Dep't of Health Care Policy & Financing Reg. No. 3.400.38, 9 Code Colo. Regs. 2503-1, provides: "When a person loses SSI payment, for whatever reason, he shall lose eligibility for the [SSI] program. The following procedures shall be followed: A. [SSI] cases shall be changed to state AND and the cases processed in accordance with the rules for that program...."

In its final agency action, the Department concluded that the AND standard applies to plaintiff because pursuant to Dep't Reg. No. 3.400.38, his case was changed to AND when he lost SSI benefits. We agree with the Department's conclusion.

Here, because plaintiff was no longer eligible under the SSI program, his case was changed to AND pursuant to Dep't Reg. No. 3.400.38. Accordingly, the SSI standard cannot be the appropriate categorical grant standard for purposes of HCA benefits. The only standard that could apply to plaintiff is the AND standard.

Plaintiff argues that HCA benefits are governed by Dep't Reg. No. 8.484, et seq., which is codified in 10 Code Colo. Regs. 2505-10, and therefore, Dep't Reg. No. 3.400.38, which is codified in 9 Code Colo. Regs. 2503-1, is not applicable in determining eligibility for HCA benefits, because these regulations are in separate parts of the Code of Colorado Regulations. However, Dep't Reg. No. 8.484.20(A) and (B) specifically refer to 9 Code Colo. Regs. 2503-1 with respect to determining financial eligibility of disabled persons.

We must construe the whole regulation to give a consistent, harmonious, and sensible effect to all of its parts. State Dep't *1170 of Soc. Servs. v. Hillhaven Corp., 923 P.2d 129 (Colo.App.1995). Thus, because there is a relationship between these two code sections, we reject plaintiff's argument that Dep't Reg. No. 3.400.38 is not applicable in determining HCA benefits.

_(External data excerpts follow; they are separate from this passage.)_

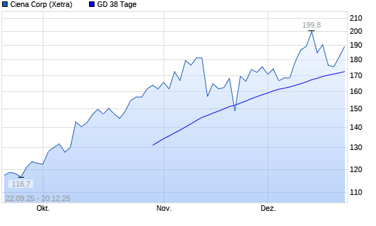 Mit dem Anstieg auf 193,00 EUR hat die Ciena-Aktie am 19.12.2025 die 38-Tage-Linie nach oben gekreuzt.Die Ciena-Aktie befindet sich seit dem 15.07.2025 im langfristigen Aufwärtstrend und hat ...weiterlesen
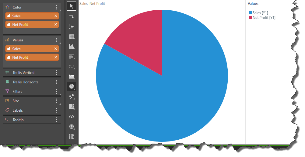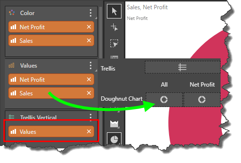 Alternatively, double click or checkbox select the required measure to add it to the Values zone; a Values chip will be generated and added to the Trellis Vertical zone automatically. Open the advanced Values sub-menu and add one of the measures to the All chart column (green arrow) and remove the Values chip from the Trellis zone (red highlight).
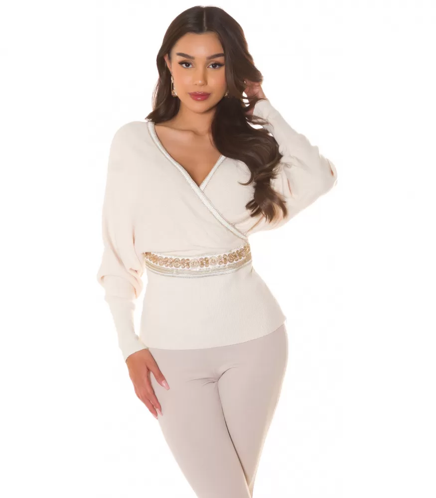 Beige långärmad dekorativ fladdermusärm omlott-look v-stickad. En vacker broderad beige tröja med fladdermusärmar och andra flashiga detaljer är det perfekta valet för kallare väder. En imponerande, festlig tröja med v-ringning passar till en dejt, middag eller andra tillfällen som kräver en nättare klänning. Med enkla accessoarer passar tröjan även till vardags. Denna feminina tröja är perfekt när du letar efter en vacker stickad skjorta där du kommer att känna dig vacker och självsäker. De imponerande detaljerna på tröjan och den feminina modellen får beröm.
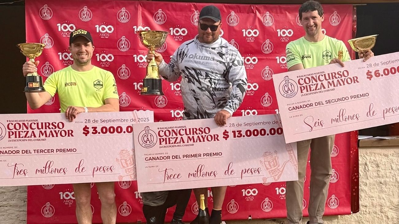 Elian Barth, el gran ganador del concurso, no ocultó su alegría en una jornada inolvidable en la que se adueñó del premio mayor tras capturar un pez guitarra de 6,210 kg. “La pasamos muy bien, no nos esperábamos esto. Fue un gran día”, contó tras levantar la pieza que lo consagró. Con langostino y anchoa como carnada, junto al consejo de un amigo para quedarse en el lugar elegido, consiguió el resultado soñado en su primera experiencia consagratoria después de una década participando en concursos. Completaron el podio dos asiduos animadores de los torneos, Guillermo Ferraro y Juan Patricio Clegue, ambos de Pigüé y que lograron los mejores peces gallos del domingo, piezas de 3,120 y 3,050 kg, respectivamente.
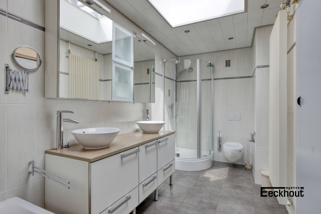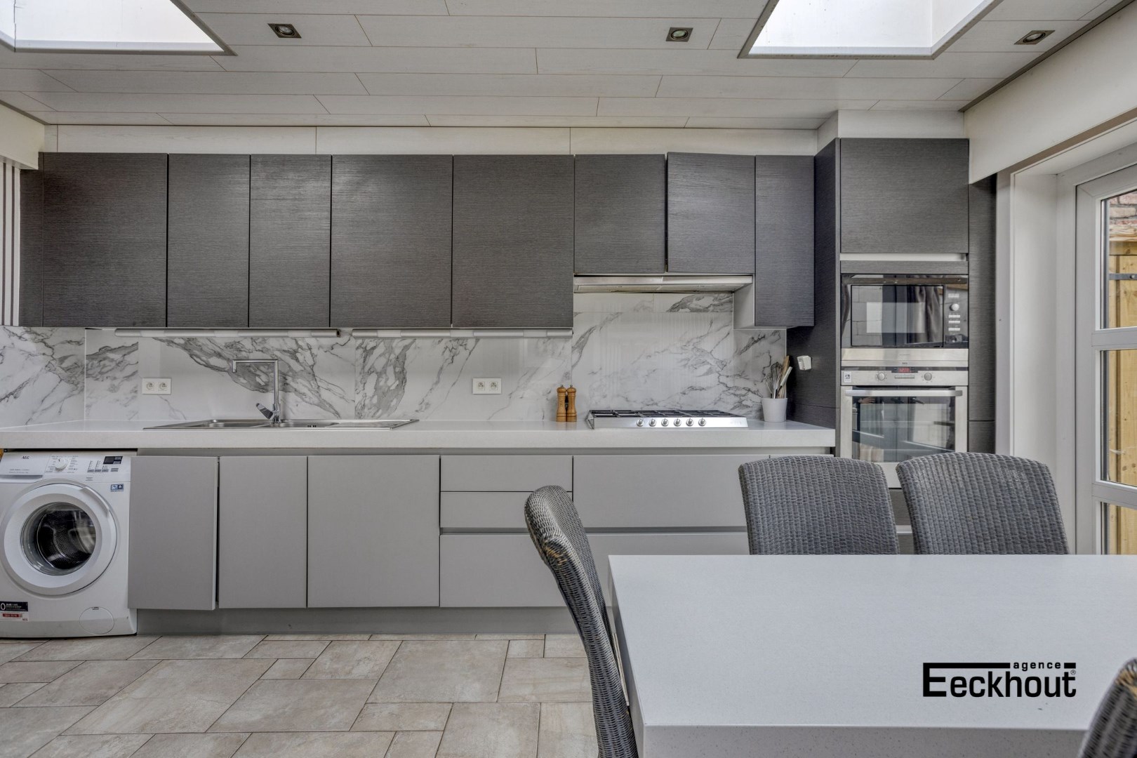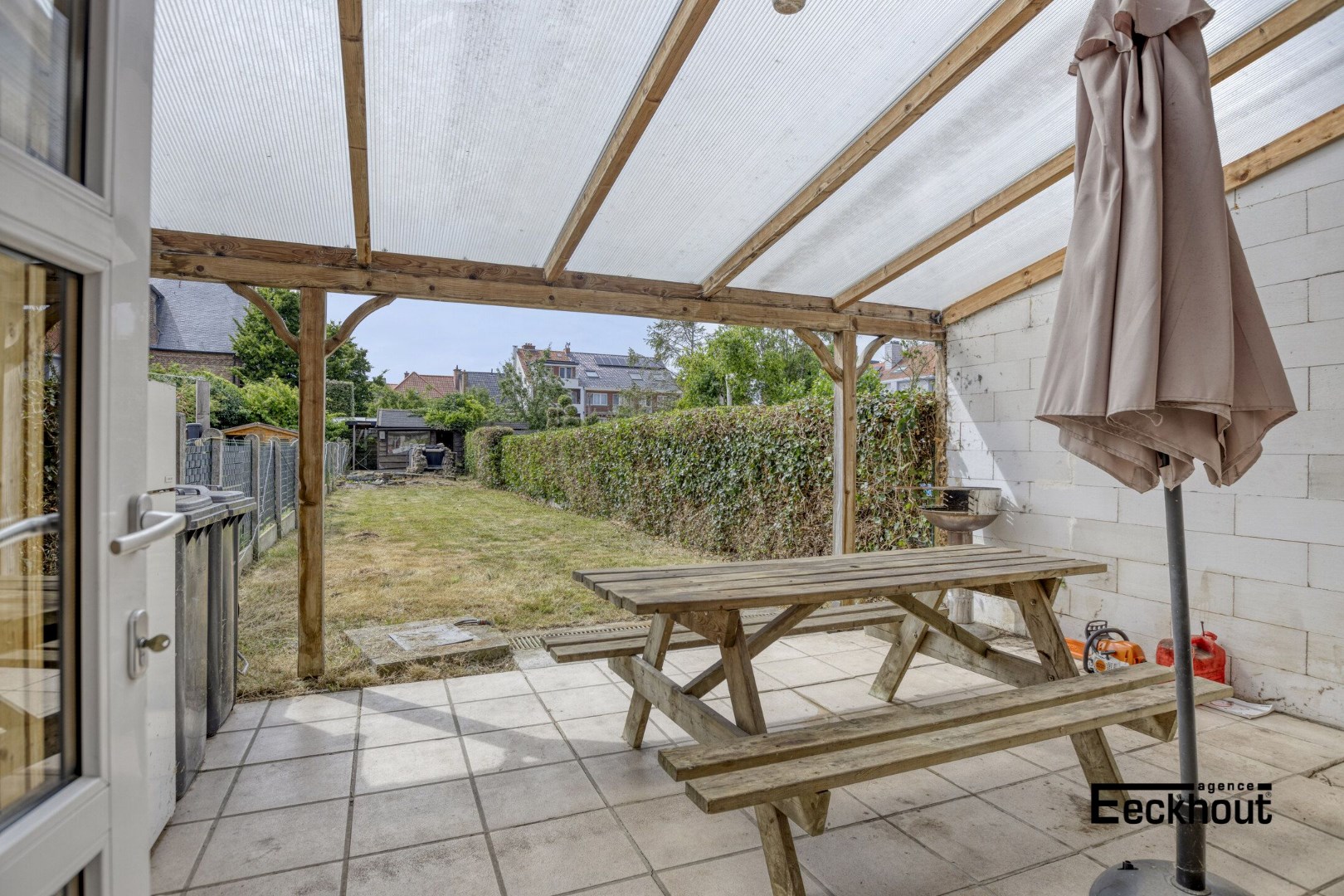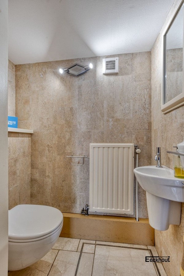 - Op het gelijkvloers: inkomhal, gastentoilet met lavabo, lichtrijke woonkamer bestaande uit zit- en eetplaats, mooie leefkeuken voorzien van alle comfort en veel kastruimte, ruime badkamer met dubbel lavabomeubel, toilet, ligbad en douche, diepe, onderhoudsvriendelijke tuin met overdekt terras en tuinhuis;
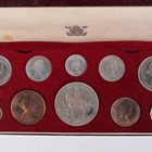 An Elizabeth II Royal Mint ten-coin specimen set 1953, within original red presentation box.
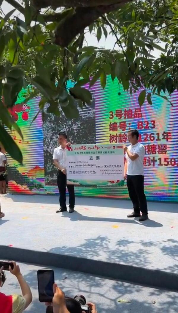 竞拍到采摘权后,中标人会怎么处理荔枝呢?何亚柱说,2022年,这棵千年古树的荔枝采摘权由一家公司拍得。据他了解,荔枝成熟后,这家公司并没有把荔枝拿去卖,而是和朋友、员工等一起分享了。
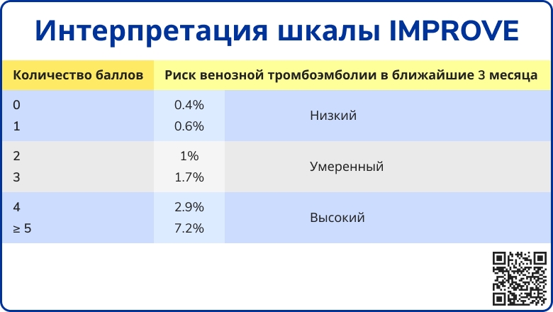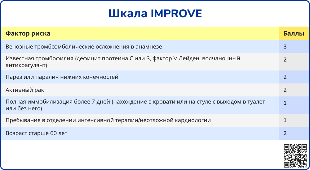 Шкала IMPROVE (International Medical Prevention Registry on Venous Thromboembolism) является валидированным инструментом для оценки риска тромбоэмболии глубоких вен (ТГВ) и тромбоэмболии легочной артерии (ТЭЛА) у госпитализированных нехирургических пациентов. Она была разработана на основе данных международного регистра и широко используется для стратификации риска венозной тромбоэмболии (ВТЭ) в условиях стационара, позволяя выделить пациентов, нуждающихся в тромбопрофилактике.

Plaintiff also argues that individuals who lose SSI benefits because they become eligible for greater Social Security benefits will necessarily have too much income to qualify for AND. Therefore, plaintiff argues, if the AND standard applies to such individuals, they will never qualify for HCA benefits. Plaintiff argues such an interpretation renders the "appropriate categorical grant standard" language in Dep't Reg. No. 8.484.20(A) meaningless. However, the fact that the AND standard may render an individual ineligible for HCA benefits in such cases comports with the purpose of the SSI, AND, and HCA programs, which is to provide benefits to individuals based on financial need. See Dep't Reg. Nos. 3.400.1, 8.484.20(A), (B); see also Dep't Reg. No. 3.460.35 (a person will not be eligible for assistance if his or her total countable income equals or exceeds the appropriate standard of assistance). Therefore, the fact that the applicable grant standard in such circumstances would always render the individual ineligible for HCA benefits implements one of the purposes of the HCA program and does not render the "appropriate categorical grant standard" language meaningless.

Accordingly, the final agency decision has a reasonable basis in the law and is warranted by the record.

The judgment is affirmed.

Chief Judge DAVIDSON and Judge GRAHAM concur.